Yeah no problem. How best can I get it to you?

guolinke commented 2 years ago

thank you, in the way you are convenient, like google drive or Dropbox. my email is guolin.ke@outlook.com

guolinke commented 2 years ago

gently ping @gahdritz for the data sharing.

gahdritz commented 2 years ago

Sent.

Our A100 results were obtained using the following:

CUDA Driver 465.19.01 CUDA 11.3 Update 1 (11.3.1.005) cuBLAS 11.5.1.109 (part of CUDA 11.3 U1) CUDNN 8.2.1.32 NCCL 2.9.9 PyTorch 1.9.0a0+c3d40fd

and with cache clearing disabled (but using the real dataloader).

guolinke commented 2 years ago

Thank you very much! I receive the data. it seems the data don't include template part (template_mmcif_dir and mmcif_cache.json), are they not needed?

gahdritz commented 2 years ago

The mmcif cache isn't required, but the template mmCIFs are. I'll send those over now.

lhatsk commented 2 years ago

Sent.

Our A100 results were obtained using the following:

CUDA Driver 465.19.01 CUDA 11.3 Update 1 (11.3.1.005) cuBLAS 11.5.1.109 (part of CUDA 11.3 U1) CUDNN 8.2.1.32 NCCL 2.9.9 PyTorch 1.9.0a0+c3d40fd

and with cache clearing disabled (but using the real dataloader).

Have you tried running it with bfloat16? Doesn't seem to be working.

File "openfold/openfold/utils/loss.py", line 46, in sigmoid_cross_entropy log_p = torch.nn.functional.logsigmoid(logits) RuntimeError: "log_sigmoid_forward_cuda" not implemented for 'BFloat16'

I'm also a bit surprised that the model params size is not adjusted.
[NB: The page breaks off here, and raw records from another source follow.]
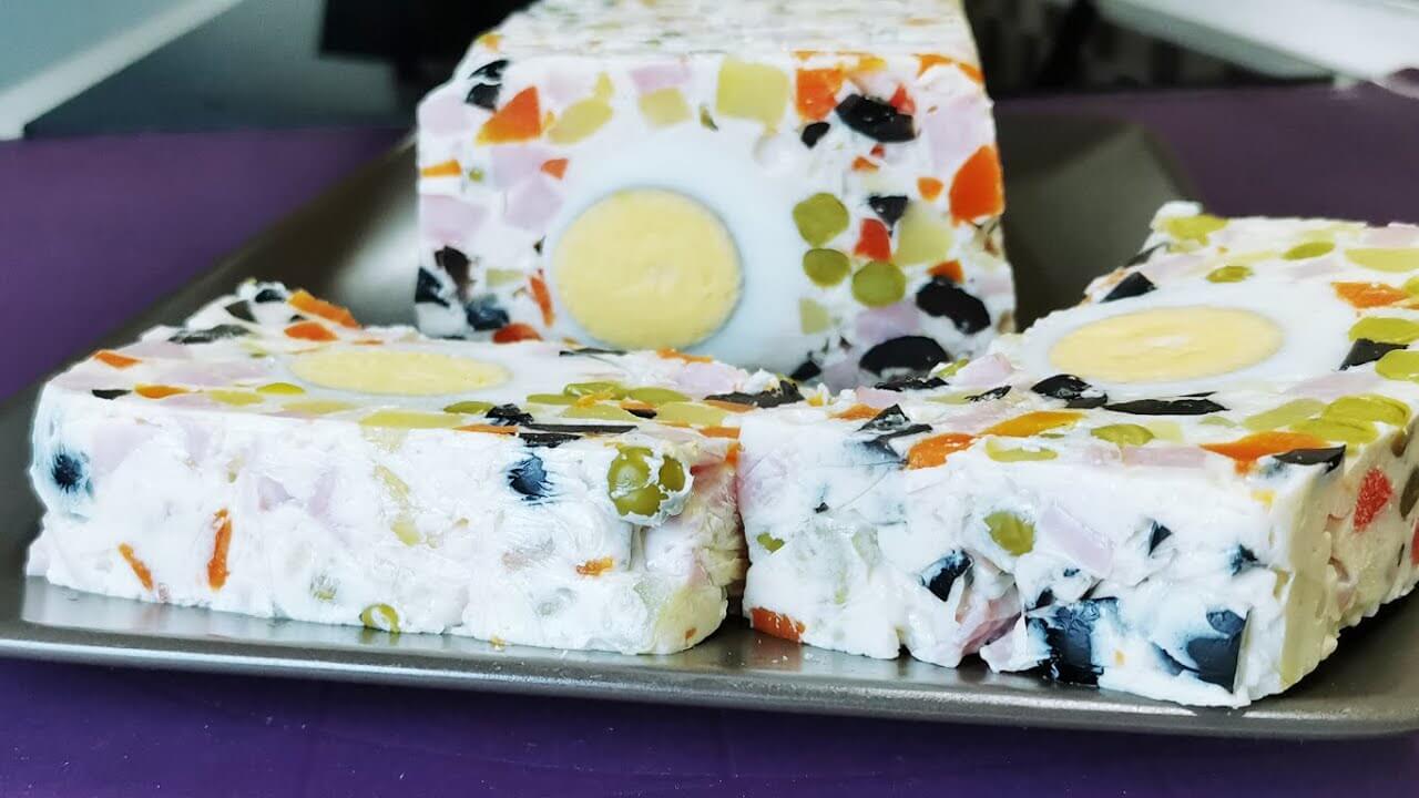 Необычный и оригинальный мраморный «Оливье» к празднику готовится из традиционных для этого салата продуктов, но есть некоторые дополнения в списке ингредиентов и в процессе приготовления. В списке ингредиентов при желании предлагается заменить соленые (маринованные) огурцы оливками. Но вместо привычного майонеза введена заправка на его основе с добавлением сметаны, горчицы, жидкости из банки с зеленым горошком и желатина. Именно благодаря желатину салат превращается в застывшую желейную текстуру, как бы «мраморную» на срезе.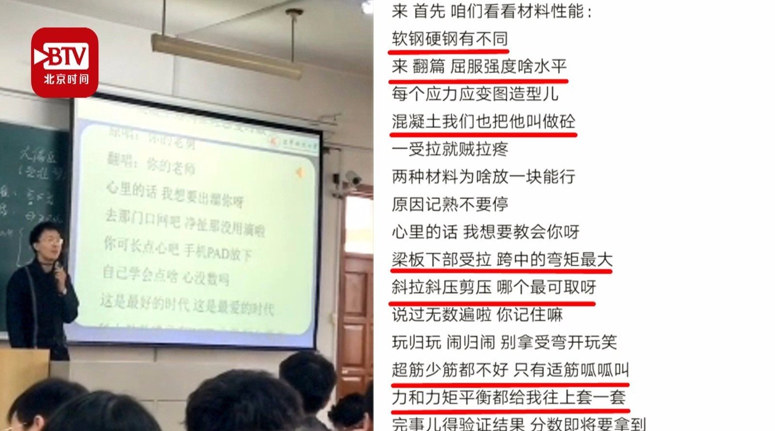 李老师说之前就有改编过其他的歌,《中国人》、《沙漠骆驼》都成为了他的章节总结。最近临近期末知识点难背,又是工科课程学起来比较枯燥,这样改编方便学生们记忆。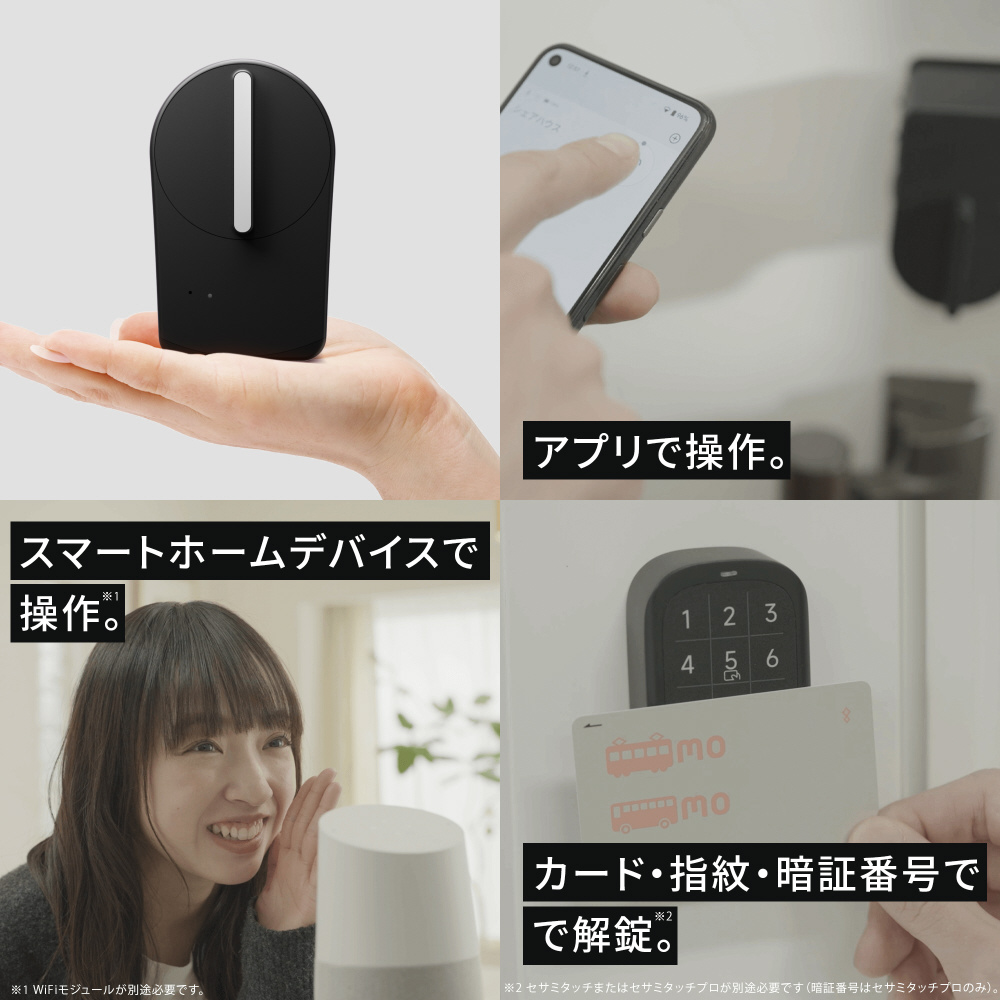 【9種の開錠方法】アプリ、ウィジェット、Apple watch, 物理キーでの開錠が可能。さらにWifiモジュールとの併用で音声操作や遠隔操作が可能に。セサミタッチやセサミタッチプロを併用すれば指紋認証、Suica等のICカード、暗証番号での開錠も可能に。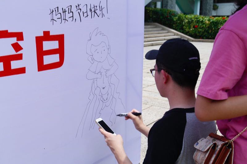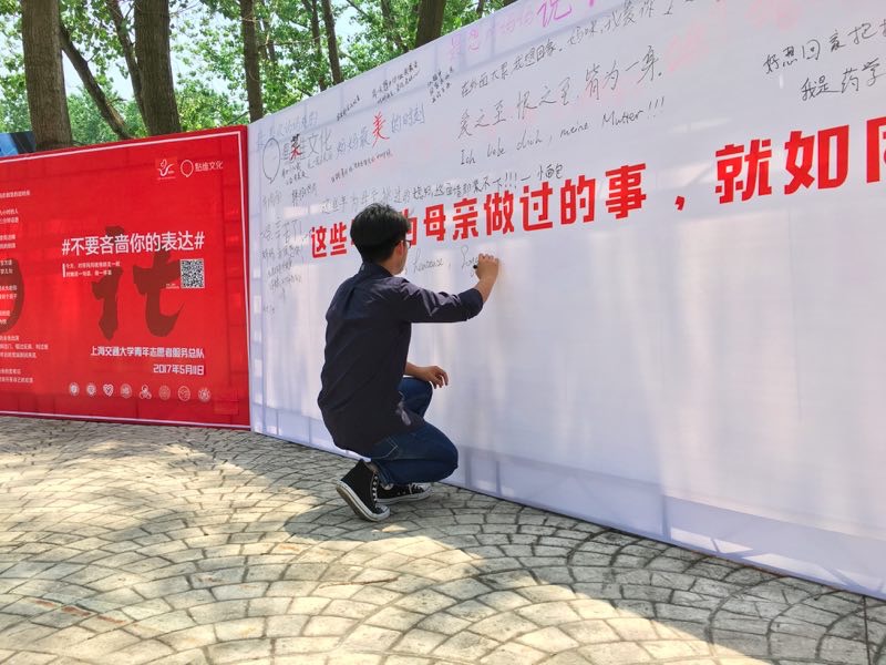 在活动现场领取拉花,写下想对母亲说的话,然后抽拉花丝带变成一朵精致的花,并贴上白墙,弥补这些年对母亲留下过的空白;等白墙被拉花贴满;或者写下准备为母亲做一件事,哪怕再小,它的分量都是沉甸甸的爱。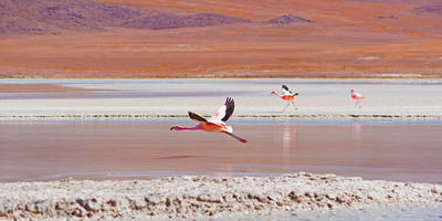 Regularly encountered across the open plains and wetlands and often seen moving freely against dramatic volcanic backdrops.Flamingos (Andean, James’s and Chilean)

It should be half the size, same as with fp16, right?

gahdritz commented 2 years ago

Yes, we have tested bfloat16, and it's a lot better than fp16, but you'll need PyTorch 10 for that. The test I referenced previously used fp16.

lhatsk commented 2 years ago

Strange, I'm already on torch 1.10.1+cu113. Better in terms of what?

gahdritz commented 2 years ago

You won't NaN anymore.

Have you updated your DeepSpeed config for bf16 training?

lhatsk commented 2 years ago

I'm not using DeepSpeed in this experiment, just switched on precision="bf16" in PyTorch-lightning.

gahdritz commented 2 years ago

Hm. Could you test it with DeepSpeed one time? That's what our test used. I'd repeat the test without DeepSpeed myself, but the A100's we've been using are borrowed and not currently accessible.

lhatsk commented 2 years ago

It works, but OOM's which I believe it doesn't on FP16. Re-running the latter now. That's why I was wondering about the parameter size.

gahdritz commented 2 years ago

That's kind of weird. How much memory do you have on your A100s?

lhatsk commented 2 years ago

40GB. Single batch. I cap now validation targets at 700AA which did the trick.

gahdritz commented 2 years ago

Just 700? That's very odd. Is grad being enabled for validation runs or something?

lhatsk commented 2 years ago

Didn't really test anything, probably can be a bit larger (tested it on a v100s with 32GB). There were some 1k+ AA targets in the set beforehand.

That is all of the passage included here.